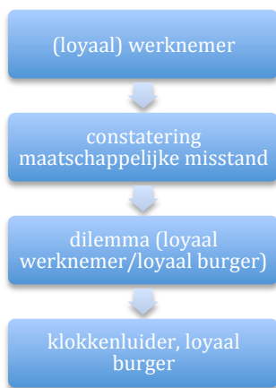
Figuur 1. Van loyaal werknemer tot loyaal burger.

Van loyaal werknemer tot klokkenluider, loyaal burger:
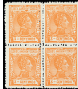
2570 25 €
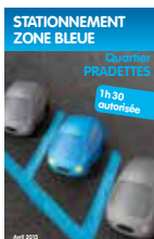
Stationnement zone bleue
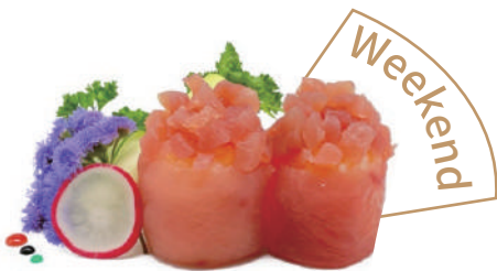
53. GUNKAN TONNO (massimo 1 porzione)
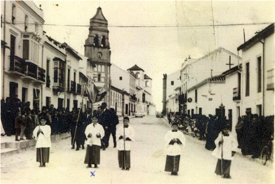
1962.- Procesión para llevar bajo palio al Sr. Obispo que nos visita con motivo de la confirmación masiva llevada a cabo ese año. Los niños esperan a ambos lados de las aceras de la calle, entonces llamada Francisco Luque.
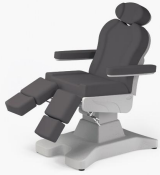
No:14 Gri / Gray
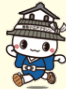
大会マスコットキャラクター かとまる
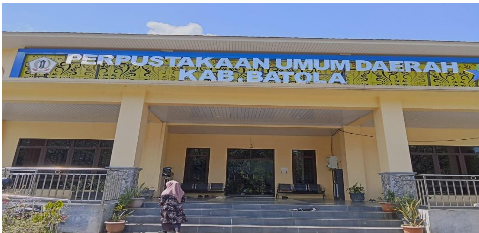
Gambar 1.8 Observasi Tampak Depan Perpustakaan Umum Daerah Kabupaten Barito Kuala
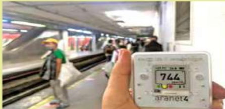
En los pasillos y andenes, que son espacios menos cerrados, las concentraciones de CO2 detectadas son menores.
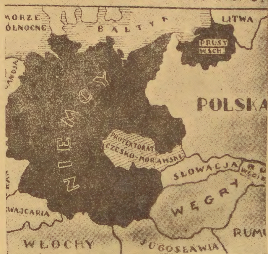
MAPA EUROPY ŚRODKOWEJ PO WYDARZENIACH OSTATNICH DNI
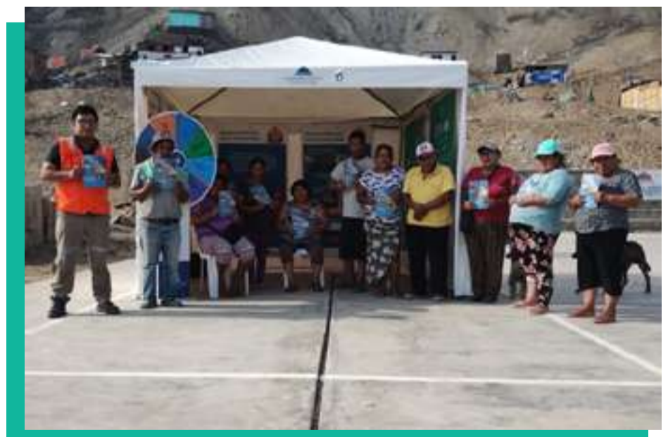
Atención en carpas informativas para brindar información sobre CMC a las poblaciones de la Zona Norte y Sur
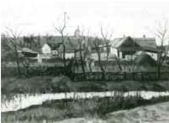
Somogyi Imre: Falurészlet Tatán a Kálvária alatt, 1980
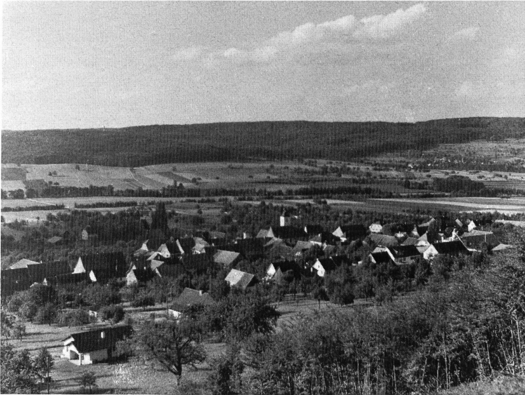
Dorfansicht gegen Liebenswiler
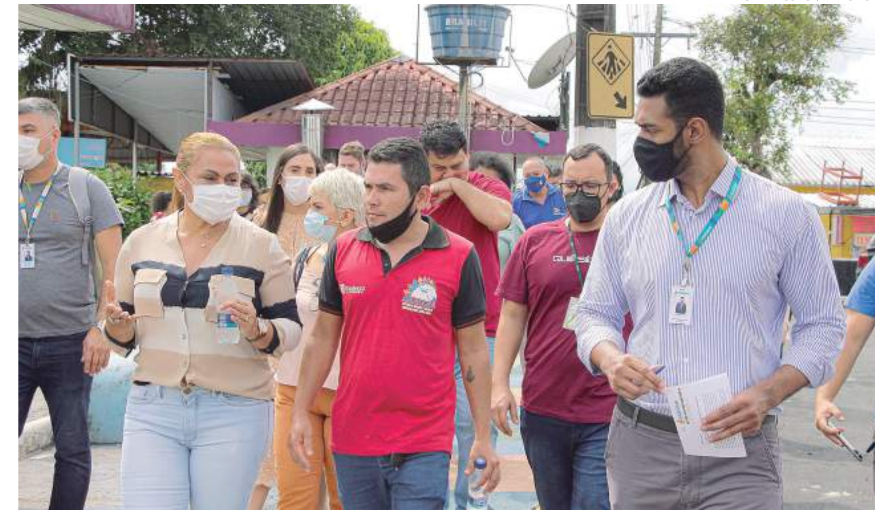
A construção do Memorial Encontro das Águas – Parque Rosa Almeida, na Zona Leste, ainda está em projeto, na fase de prospecções e etapa de estudos

“Estamos seguindo a determinação do prefeito David Almeida, que temo compromisso de transformar a área em uma atração turística. Estamos dando continuidade às nossas ações de planejamento e integração da comunidade com o memorial. E, agora, estamos fazen-
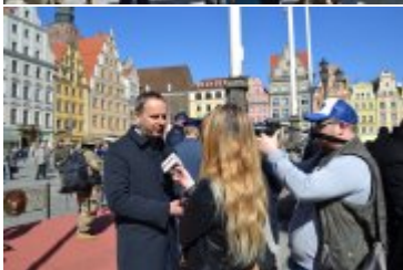
Wojewoda Paweł Hreniak udziela wywiadu
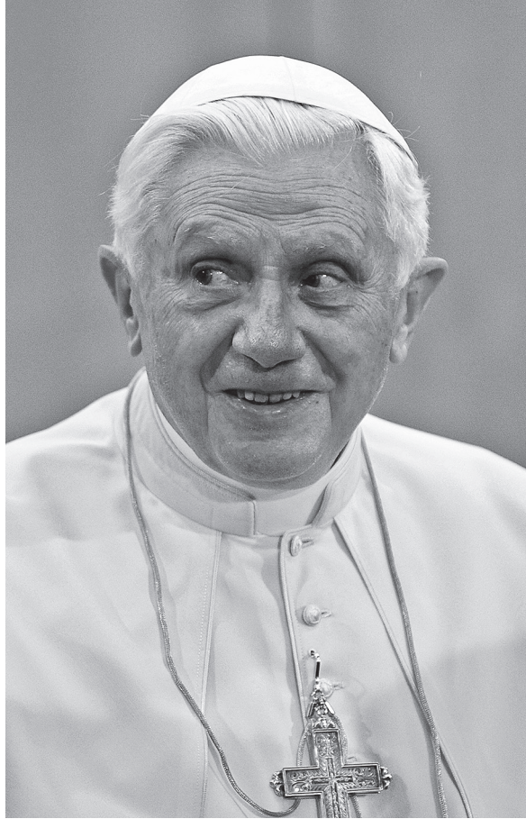
Бенедикт XVI: не всякого Папу выбрал Святой Дух

нас не покидая. Таким образом, роль Духа следует понимать намного более гибко, он не тот, кто называет кандидата, за которого следует голосовать. Вероятно, единственная гарантия, какую он дает, что в итоге все не будет полностью разрушено. Есть слишком много примеров Римских Пап, которых Святой Дух, разумеется, не выбрал бы» 2 .
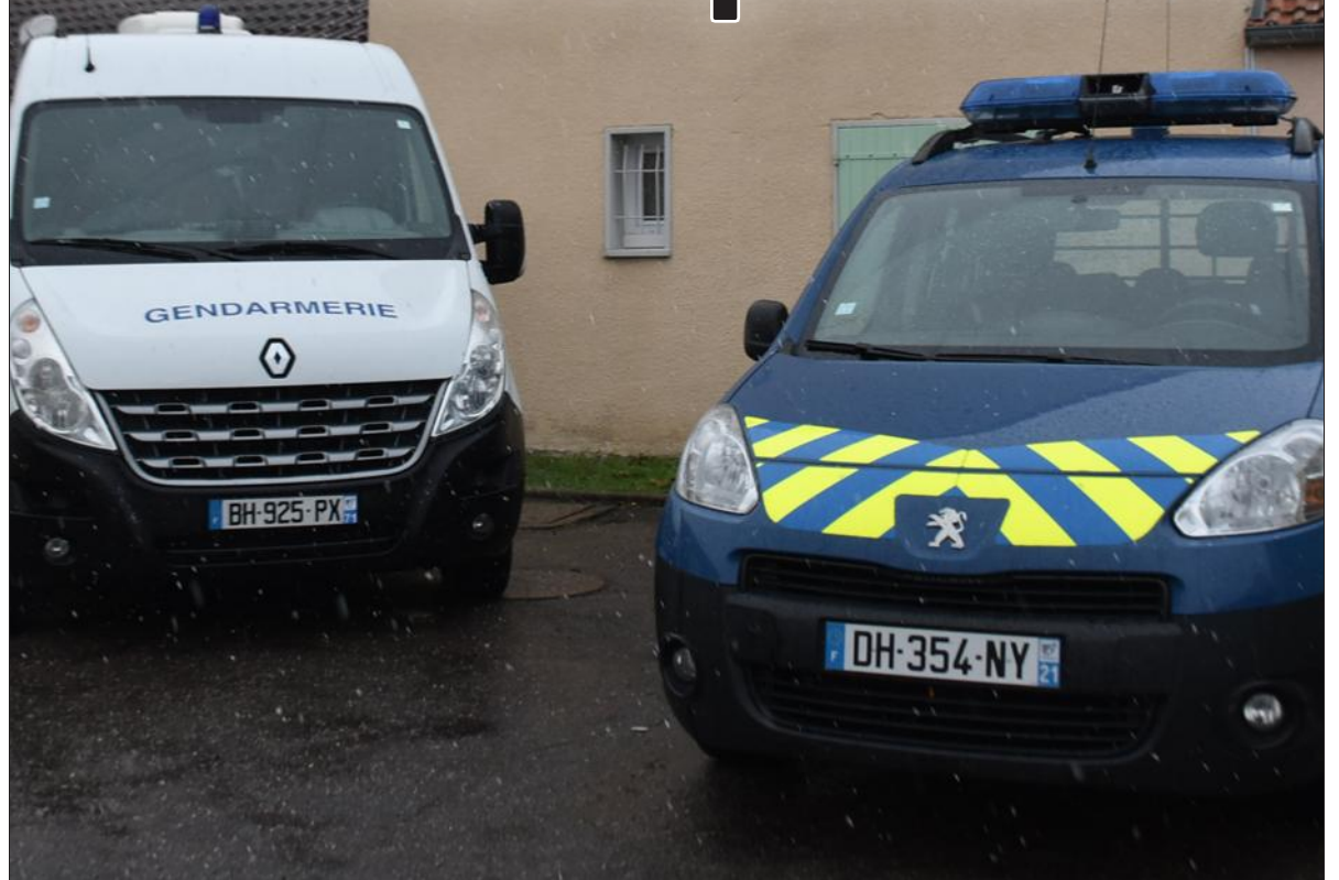
■ La cellule d'identification criminelle de la gendarmerie était à Chauffailles, ce samedi, pour enquêter suite à la découverte d'un fœtus sans vie dans une poubelle. La mère a été transportée à l'hôpital de Roanne (Loire).
-.-.-
YOUR ASSIGNMENT: Within the lines above, find those holding the word "para" and copy them.

ANSWER FOR THE TASK:
1962.- Procesión para llevar bajo palio al Sr. Obispo que nos visita con motivo de la confirmación masiva llevada a cabo ese año. Los niños esperan a ambos lados de las aceras de la calle, entonces llamada Francisco Luque.
Atención en carpas informativas para brindar información sobre CMC a las poblaciones de la Zona Norte y Sur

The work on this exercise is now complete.